START RAW DATA

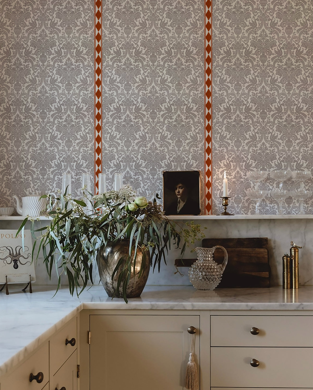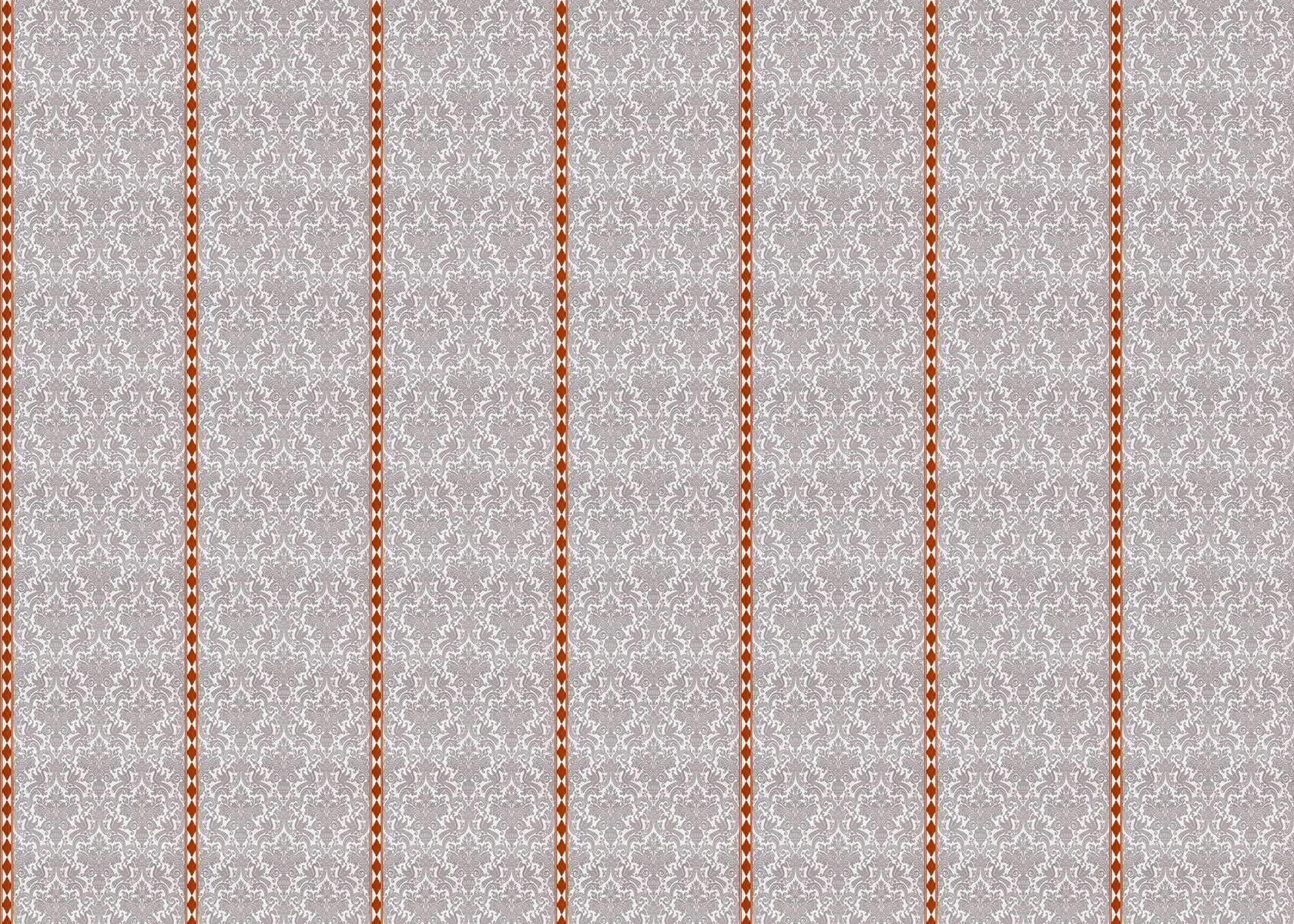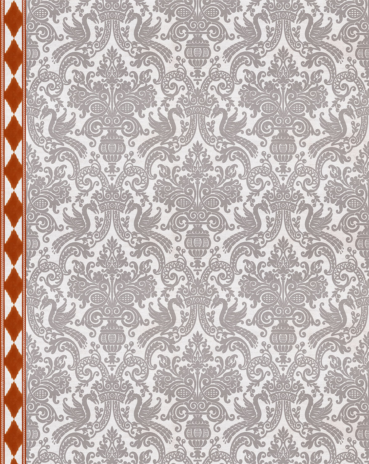 ELENA  TEJA es un papel pintado de una hermosa trama caleidoscópica de tono taupe, que fusiona elementos clásicos como los leones palaciegos con una guarda étnica diseño en colaboración con The IQHome Collection.
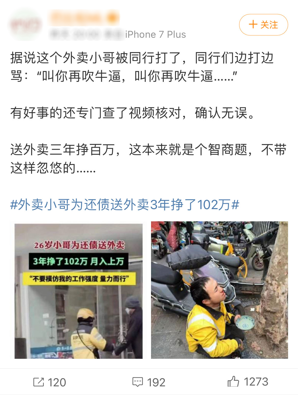 【新!唐!人:北京时间2024年01月16日讯】近日,中共官媒扎堆转发了一篇关于一位外卖小哥3年挣102万元(人民币,下同)的报导,招致大陆网友的强烈质疑。随后网上传出消息称,这名外卖员被同行打了,而当事人旋即发帖“辟谣”,引发舆论关注,而其“勤劳致富”的神话被指已破灭。
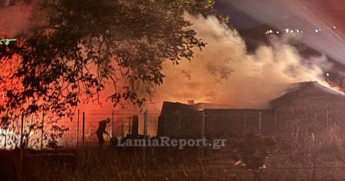 Η φωτιά ξεκίνησε από το συγκεκριμένο κτίριο, που είναι κοντά σε σπίτια, στον δρόμο που περνά από το Γυμνάσιο – Λύκειο Μακρακώμης στη Φθιώτιδα.

END RAW DATA

▸ WORK REQUEST: Return the material as it stands. Leave out the pictures.

▸ PROBLEM SOLUTION:
 ELENA  TEJA es un papel pintado de una hermosa trama caleidoscópica de tono taupe, que fusiona elementos clásicos como los leones palaciegos con una guarda étnica diseño en colaboración con The IQHome Collection.
 【新!唐!人:北京时间2024年01月16日讯】近日,中共官媒扎堆转发了一篇关于一位外卖小哥3年挣102万元(人民币,下同)的报导,招致大陆网友的强烈质疑。随后网上传出消息称,这名外卖员被同行打了,而当事人旋即发帖“辟谣”,引发舆论关注,而其“勤劳致富”的神话被指已破灭。
 Η φωτιά ξεκίνησε από το συγκεκριμένο κτίριο, που είναι κοντά σε σπίτια, στον δρόμο που περνά από το Γυμνάσιο – Λύκειο Μακρακώμης στη Φθιώτιδα.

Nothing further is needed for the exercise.